Не желая давать родителям даже малейшей надежды, Можань сказала, что не готова сейчас это обсуждать. Пообещала позвонить через неделю, зная, что к тому времени отец убедит мать действовать умнее и не давить на нее. Можань закончила разговор до того, как родители могли воспротивиться. Они любили ее сильнее, чем она их; по этой причине в любом споре ей была обеспечена победа.
Можань, которая была у родителей единственным ребенком, ни разу за все шестнадцать лет после отъезда в Америку не побывала в Пекине. Первые шесть лет, когда она делала все необходимое для защиты диссертации по химии, она не виделась с родителями вообще, ссылаясь на трудности с визой и дороговизну билетов. За это время у нее случилось замужество, началось и кончилось, оно огорчило и повергло в смущение ее родителей, но то, что они с ее супружеской жизнью ни единожды не пересеклись, похоже, сделало эту жизнь в их глазах не вполне реальной; по крайней мере, Можань на это надеялась. Она подозревала, что до сего дня они никому в Пекине не сказали про ее неудачный брак, и им было легче от того, что не пришлось встретиться с Йозефом, который был на год старше ее матери.

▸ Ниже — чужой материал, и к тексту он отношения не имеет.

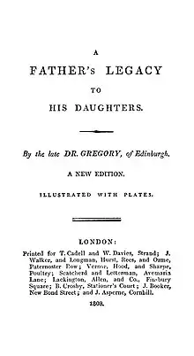 - Gregory, John (1808-01-01). A father's legacy to his daughters. London : Printed for T. Cadell and W. Davies.
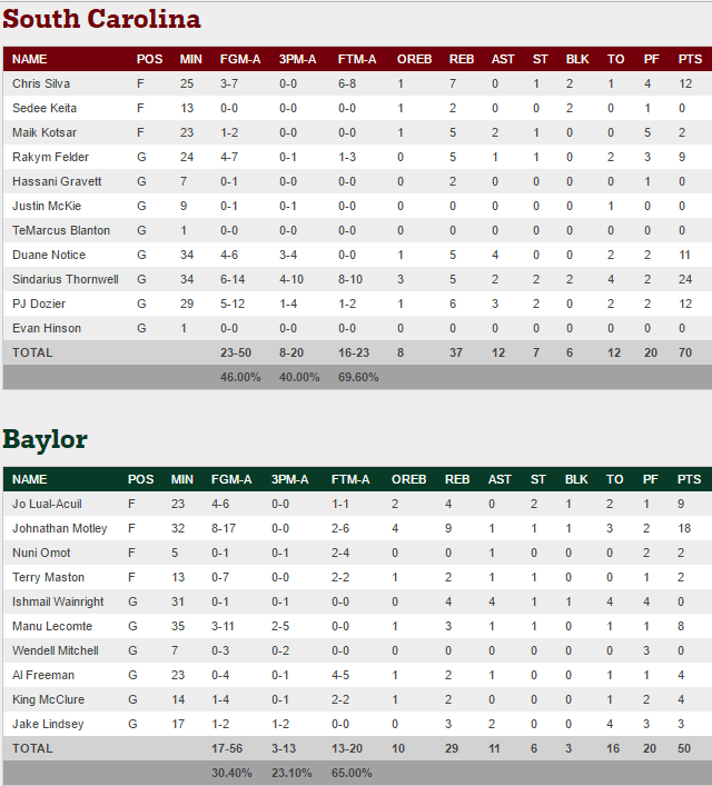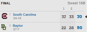 L’autre surprise c’est la victoire de South Carolina, qui continue son superbe parcours en dominant Baylor de 20 points !
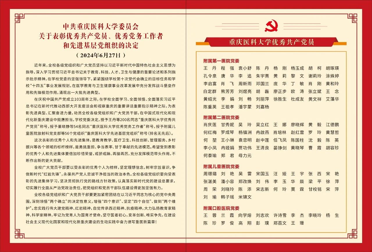 《决定》授予王丹等200名同志“AB平台优秀共产党员”称号,授予董晓静等54名同志“AB平台优秀党务工作者”称号,授予附属儿童医院放射科党支部等56个党组织“AB平台先进基层党组织”称号。与会领导为优秀共产党员、优秀党务工作者以及先进基层组织颁发证书、牌匾。
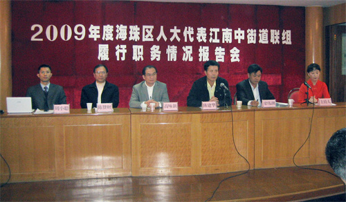 2009年12月7日下午,廣州小聰軟件集團董事長周小聰先生,出席2009年度海珠區人大代表江南中街道聯組履行職務情況報告會,會上周董事長主要從以下方面對過去三年的職務履行情況做了發言總結: 一、完善自我,加強理論學習 二、認真履職,發揮作用 1)走出海珠、宣揚海珠,搭建友誼橋梁; 2)提出獨創的人才培養方式; 3)立足海珠,服務海珠; 4)建立軟件創意產業園,促進海珠經濟發展; 5)積極參加人大組織的各項活動。 并將繼續更好地履行人大代表的職責和義務,繼續為海珠區做實事,做有意義的事。
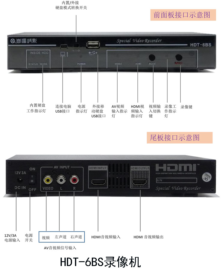 春源丽影推出的老牌机型HDT-6B、HDT-6BS、HDT-2B几款产品,是专业的家庭使用的录像机机型。只需在USB接口插入移动硬盘,从机顶盒的HDMI输出接口通过HDMI高清线接入录像机的HDMI输入接口,再从录像机的HDMI输出接口接入电视机的HDMI输入接口,使用遥控器就可以录像了。录像机还有红白黄CVBS输入接口,老式机顶盒也可接入录像。录像模式有一键开启和停止录像、定时预约录像、自动分段录像、时光平移录像、边录边看、边看边录等便捷丰富的功能。产品支持输入1080P24hz以及以下参数,录像格式为H264,录像画质为1080P24\1080I60\720P60。
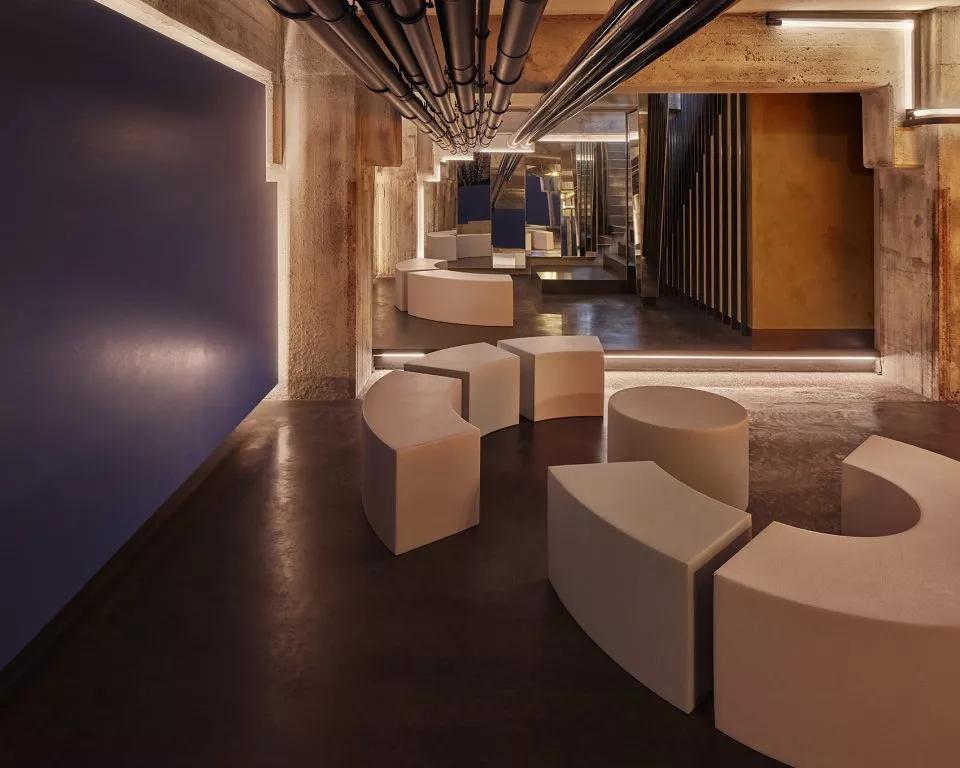 室內(nèi)的定制家具和精致的配色方案受到了陶瓷生產(chǎn)過(guò)程的啟發(fā):空間中的藍(lán)色、灰色、粉紅色和黃色涂料呼應(yīng)了生產(chǎn)工藝的開(kāi)端,利用水和黏土塑造出類似于陶器模具的體量。陶器模具的形狀以及用于生產(chǎn)陶器的工具被再次利用,成為造型獨(dú)特的工業(yè)吊燈,并將室內(nèi)空間劃分為不同的區(qū)域。堅(jiān)硬的幾何形狀與柔軟黏土塑造出的形體共同構(gòu)成了大膽而和諧的內(nèi)部空間。
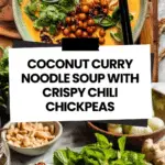 This vibrant 30 Minute Coconut Curry Noodle Soup with Chili Crisp Chickpeas is a flavorful and comforting meal that combines creamy coconut curry broth, tender noodles, and crispy, spicy chickpeas. The soup features a rich blend of Thai red curry paste, coconut milk, peanut butter, and fresh herbs, while oven-roasted chickpeas tossed in chili oil provide a delightful crunch and heat. Ready in just half an hour, this dish is perfect for a quick weeknight dinner bursting with texture and bold flavors.
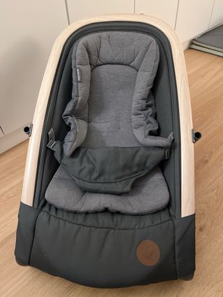 Hamaca para bebé de la marca Maxicosi con un diseño moderno y confortable. - Estructura de madera clara. - Asiento acolchado en gris. - Barra de seguridad negra. - Incluye reductor para recién nacidos. Entrega en mano (venir q buscar)
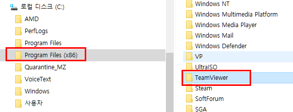 팀뷰어의 경로는 C:\Program Files (x86)\TeamViewer에 위치하고 있습니다. 제거가 안되거나 오류가 발생한 경우 제거하고 새로 설치하면 되는 경우가 있습니다.
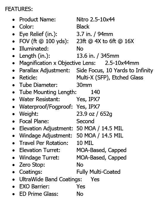 Lot 239 BUSHNELL NITRO 2.5-10x44mm Multi-X SFP RIFLESCOPE
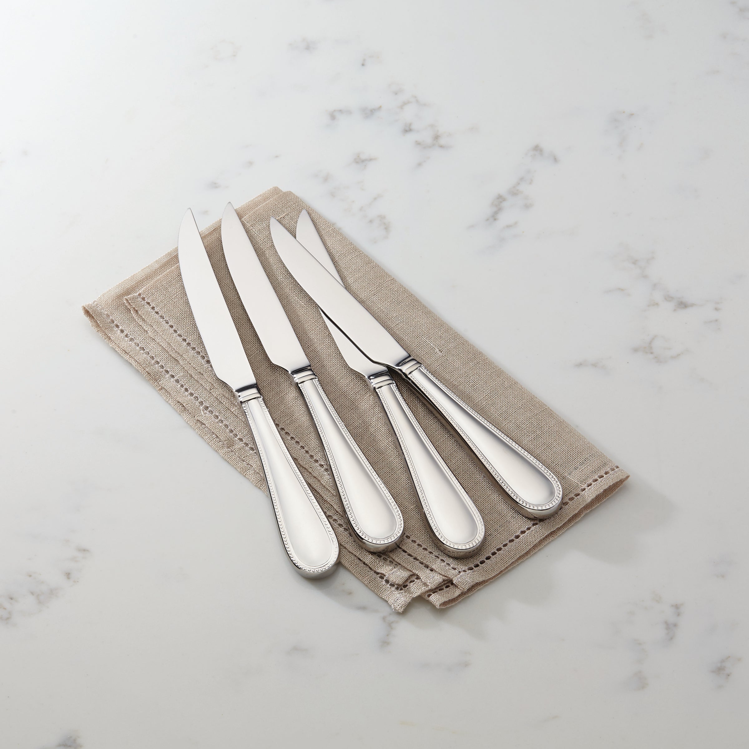 Made of durable stainless steel and part of the the Lyndon Collection, this four-piece steak knife set includes a subtle beaded border on the handle for a hint of texture.
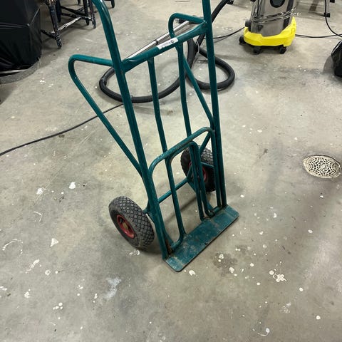 Säckkärra i röd metall med två hjul. Konstruktionen består av ett stående handtag med bygel och en nedre lastplatta för att kunna transportera lådor, kartonger eller annan gods. Hjul med gummibana. Passar för förflyttning av tyngre föremål i exempelvis förråd, garage eller vid flytt. Det som är på hjulen är torkade löv. Pris prutat och klart finns i v frölunda
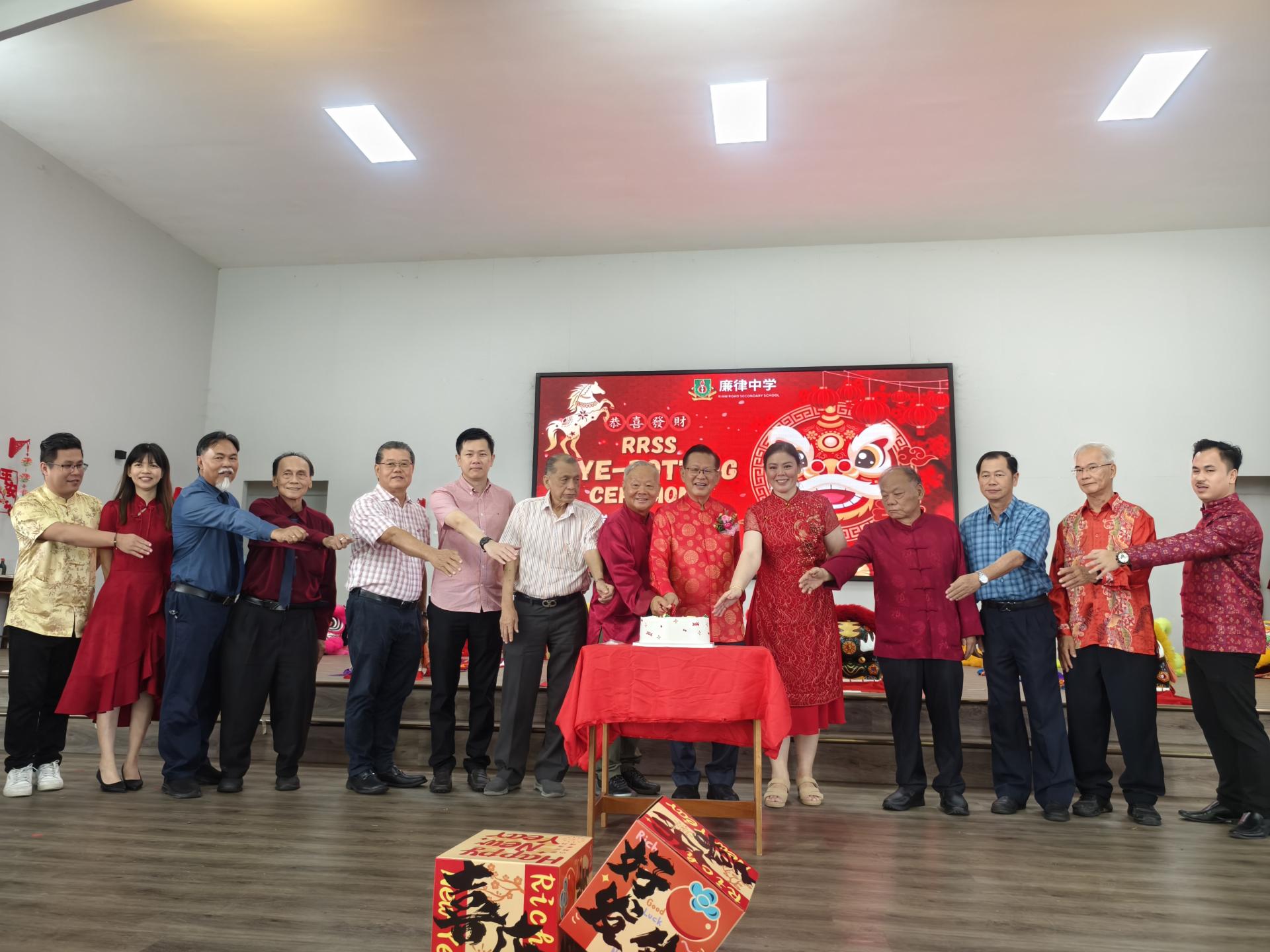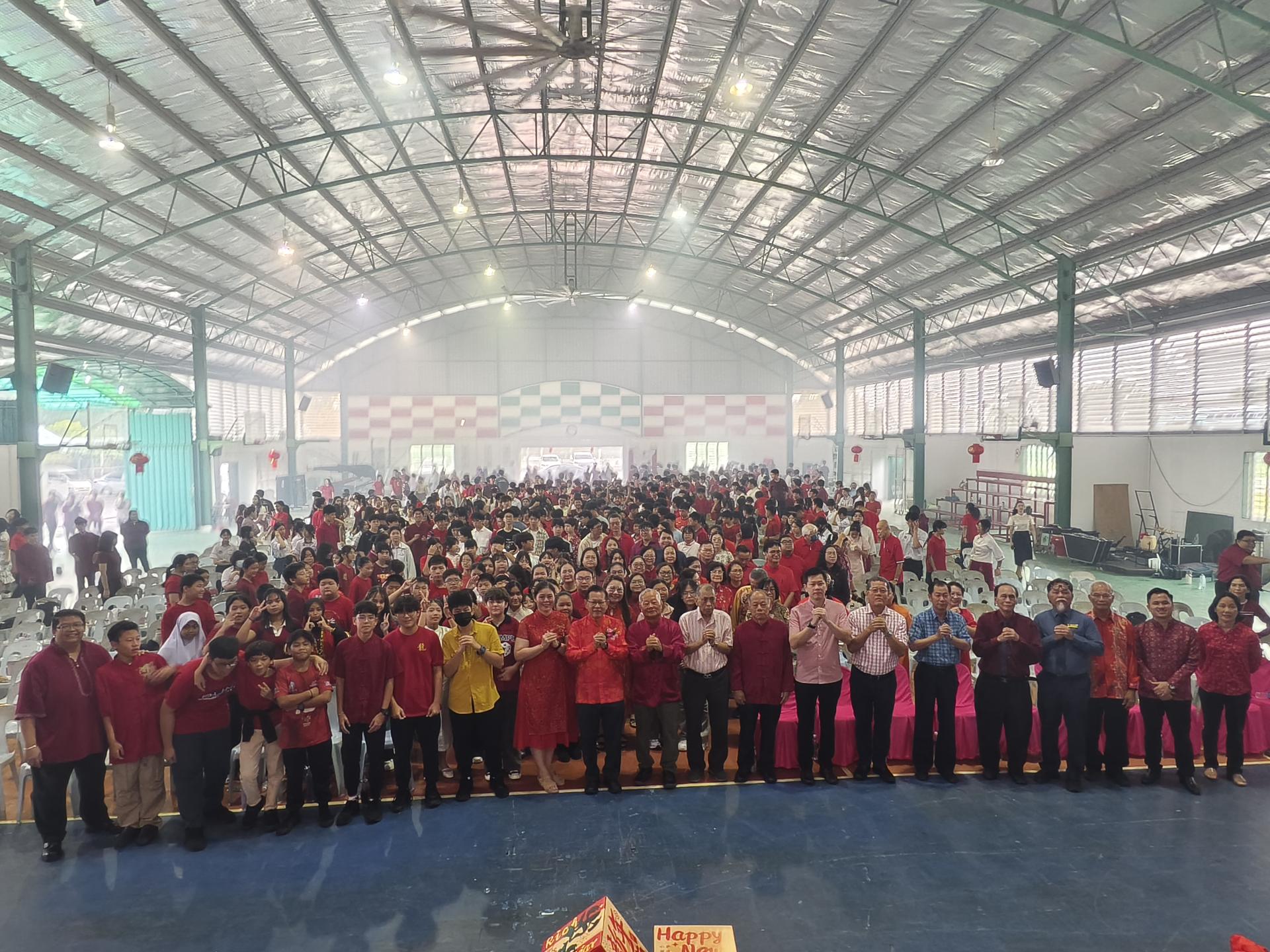 廉律中学丙午年舞狮点睛暨新春联欢活动出席者大合照。

После развода Можань уехала из города на Среднем Западе, где жила с Йозефом, и, когда начало получаться по деньгам, стала оплачивать поездки родителей и сама к ним присоединяться: автобусный тур по Центральной и Западной Европе, во время которого она добросовестно их сопровождала, фотографировала их на фоне величественных арок и древних развалин, заботясь о том, чтобы ее самой ни на одном снимке не было; две недели на Кейп-Коде, где они на пляже и в кафе-мороженых являли собой странное семейство: она была слишком взрослая для дочери, отдыхающей с родителями, а они, мало к чему способные примагнититься в незнакомом городе, скрашивали дни разговорами с людьми их возраста, толкавшими прогулочные коляски или строившими вместе с внуками замки из песка. Там и в других местах родителей Можань тянуло к дедушкам и бабушкам, их английского было как раз достаточно, чтобы выразить восхищение чужим счастливым продолжением рода.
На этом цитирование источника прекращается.